*** Opening Data records ***

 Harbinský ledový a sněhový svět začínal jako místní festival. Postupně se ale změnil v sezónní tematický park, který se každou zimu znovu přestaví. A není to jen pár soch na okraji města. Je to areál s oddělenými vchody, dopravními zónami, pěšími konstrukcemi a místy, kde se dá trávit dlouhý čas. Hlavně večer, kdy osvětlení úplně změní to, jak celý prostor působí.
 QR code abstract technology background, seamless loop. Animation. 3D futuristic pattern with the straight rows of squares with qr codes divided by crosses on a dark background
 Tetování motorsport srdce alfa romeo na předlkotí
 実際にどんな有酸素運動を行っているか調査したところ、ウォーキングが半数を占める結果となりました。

*** Closing Data records ***
*** Opening Data records ***

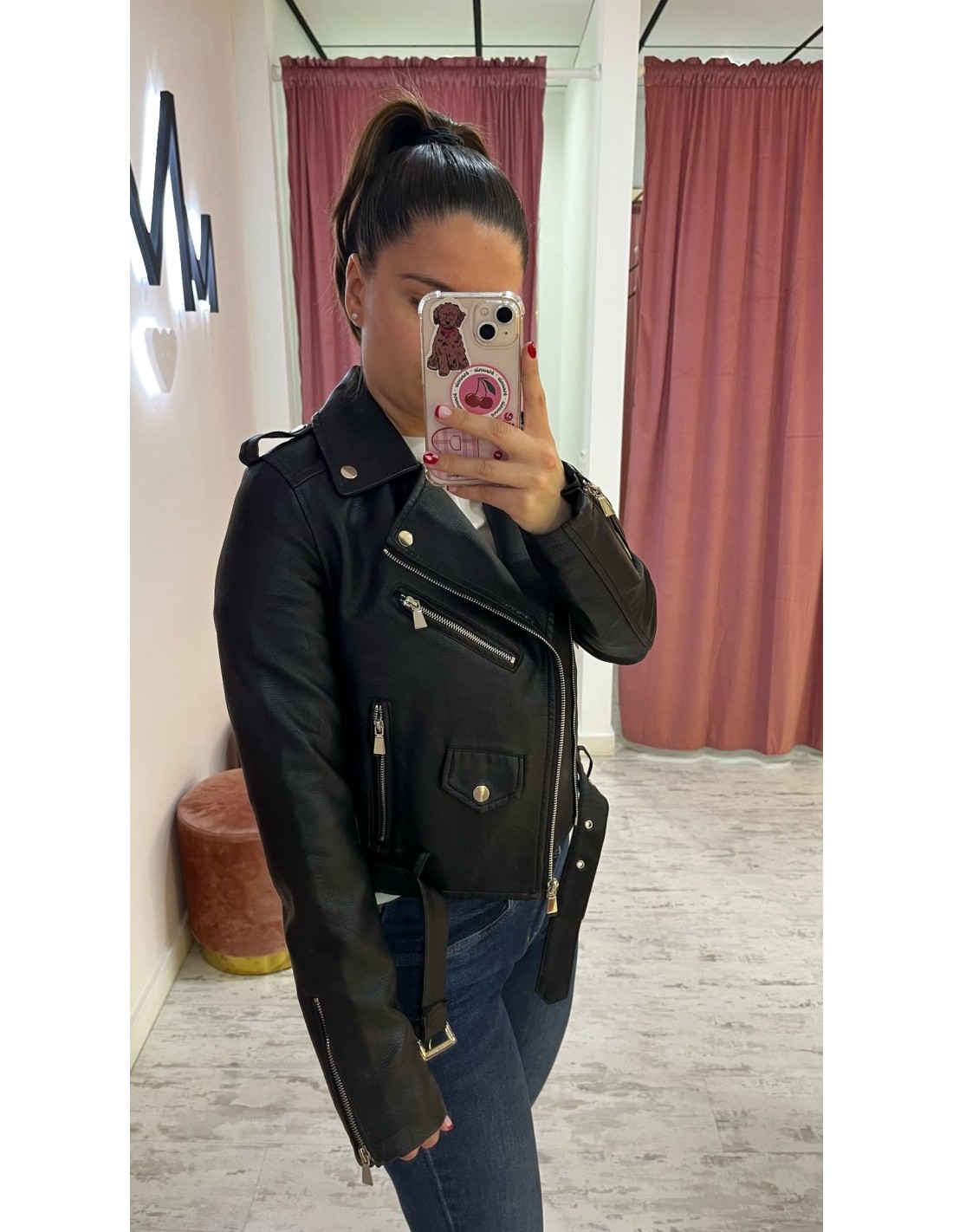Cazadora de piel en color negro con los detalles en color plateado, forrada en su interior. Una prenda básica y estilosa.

*** Closing Data records ***

**Task instructions**
Going back to the entries above, set down exactly the lines that begin at the one with "Tetování motorsport srdce" and end at the one with "実際にどんな有酸素運動を行っ", both included, and nothing else.

**Written answer**
 Tetování motorsport srdce alfa romeo na předlkotí
 実際にどんな有酸素運動を行っているか調査したところ、ウォーキングが半数を占める結果となりました。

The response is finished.